Task to complete |
Retype the lines from the one containing "东黎羊绒是赤峰东荣集团自主品" through the last line of the entries below, exactly and in full, omitting every image.
* * * * * * *
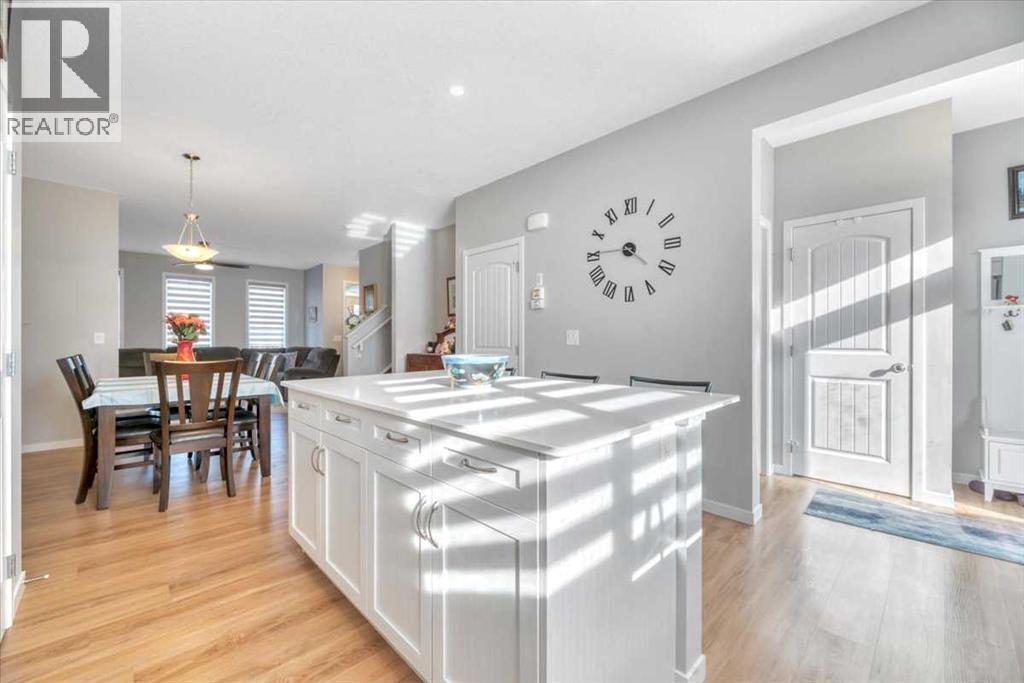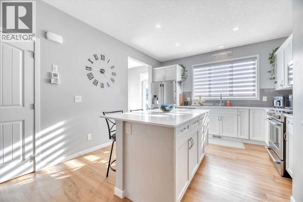 This is a warm and bright home at the doorstep of the Rockies in the sought-after D’arcy Ranch community. The open but sectioned layout allows you to maximize and personalize the space. Situated on a wide lot with breathtaking mountain views from the two bedrooms. The south-facing backyard and large windows provide all-day sun and natural light throughout.You are invited in by the cozy, covered porch and foyer, to the big and open main floor with 9-foot ceilings, living space, dining room, kitchen with a pantry, front and back closets, and tucked-away half-bath and mudroom. Sparkling quartz countertops, modern cabinets, and high-end stainless appliances create a clean and attractive kitchen space with a central oversized island. Upstairs is a large primary bedroom with a double-vanity ensuite and walk-in closet. Separating the primary from well-sized second and third bedrooms is a 4-piece bath and convenient upstairs laundry space. The basement features 9-foot ceilings, bathroom rough-in, egress window, and dedicated utility corner. At the back, you will find a nice sized deck, private yard, and large double parking space accessed from a paved alley. Upgrades include kitchen appliances, window coverings (blackout in bedrooms), luxury vinyl flooring, and fencing.D'arcy Ranch offers more than a better lifestyle. This community is the first to have a safe-route network separating pedestrian travel from major roads. Nearby are multiple highly rated schools, including a private school now taking applications, and a high school with well-recognised French, arts, and trades programs. There is direct access to HWY 2A to beat the rush to Calgary. The new and expansive shopping district is within walking distance. The scenic walking trail around the pond, free seasonal ice rink, multiple playgrounds, free fitness parks, and new pickle-ball courts are sure to keep you busy. Not to mention the 18-hole D'acry Ranch Golf Club out your back door. (id:6769)
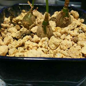 先日、偽海葱を購入しました 横に植わっているのはてっきり子株だと思っていたのですが 「二種類いますね、ラッキーですね」 と店員さんに言われました レジの方は名前を知らないみたいだったのですが手前の小さいのはなんと言う名前でしょうか?
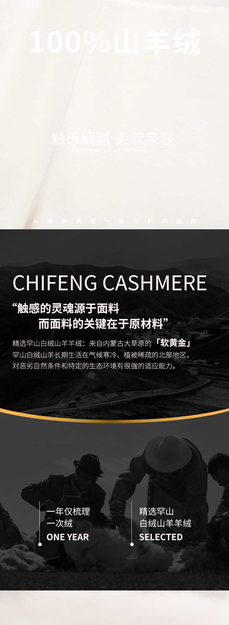 东黎羊绒是赤峰东荣集团自主品牌,自有牧场/羊绒制品全产业链优势,实现了羊绒从“牧场”到“商场”的华丽转变。
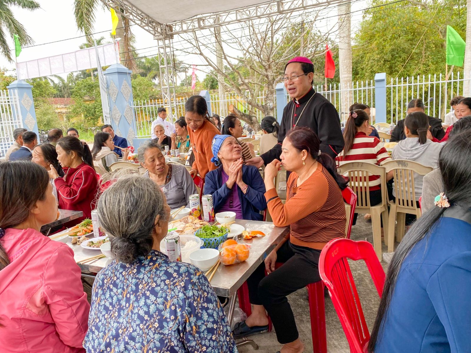 Sau Thánh lễ, mọi người cùng các bệnh nhân hiệp thông trong bữa cơm huynh đệ ấm áp, quây quần bên nhau như một gia đình và sẻ chia niềm vui ngày Tết. Các bệnh nhân được Đức cha trao quà xuân và lì xì yêu thương. Những nụ cười rạng rỡ, những ánh mắt xúc động đã làm nên một mùa xuân thật ấm áp – mùa xuân của tình người và của hy vọng.
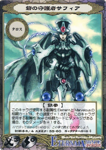 ![]() ![]() | No.2017 砦の守護者サフィア キャラクター エターナルヴォイス エヴォリューション ブースターパック R クラス:タロス 初期手札:4 スタミナ:55-60 性別:♀ 格闘回数:3 魔法回数:0 属性:水/火 【鉄拳】 このキャラが使用する副属性ElementとMarvelousの格闘カードは、その速度が+1される。このキャラが使用する副属性Blowの格闘カードにダメージがある場合、そのダメージを+1する。 口で言って分からないのなら、この拳で教えてあげましょう。 illust:Norikatsu Miyoshi 作品名:エターナルヴォイス エヴォリューション |
* * * * * * *
Your response |
 东黎羊绒是赤峰东荣集团自主品牌,自有牧场/羊绒制品全产业链优势,实现了羊绒从“牧场”到“商场”的华丽转变。
 Sau Thánh lễ, mọi người cùng các bệnh nhân hiệp thông trong bữa cơm huynh đệ ấm áp, quây quần bên nhau như một gia đình và sẻ chia niềm vui ngày Tết. Các bệnh nhân được Đức cha trao quà xuân và lì xì yêu thương. Những nụ cười rạng rỡ, những ánh mắt xúc động đã làm nên một mùa xuân thật ấm áp – mùa xuân của tình người và của hy vọng.
 ![]() ![]() | No.2017 砦の守護者サフィア キャラクター エターナルヴォイス エヴォリューション ブースターパック R クラス:タロス 初期手札:4 スタミナ:55-60 性別:♀ 格闘回数:3 魔法回数:0 属性:水/火 【鉄拳】 このキャラが使用する副属性ElementとMarvelousの格闘カードは、その速度が+1される。このキャラが使用する副属性Blowの格闘カードにダメージがある場合、そのダメージを+1する。 口で言って分からないのなら、この拳で教えてあげましょう。 illust:Norikatsu Miyoshi 作品名:エターナルヴォイス エヴォリューション |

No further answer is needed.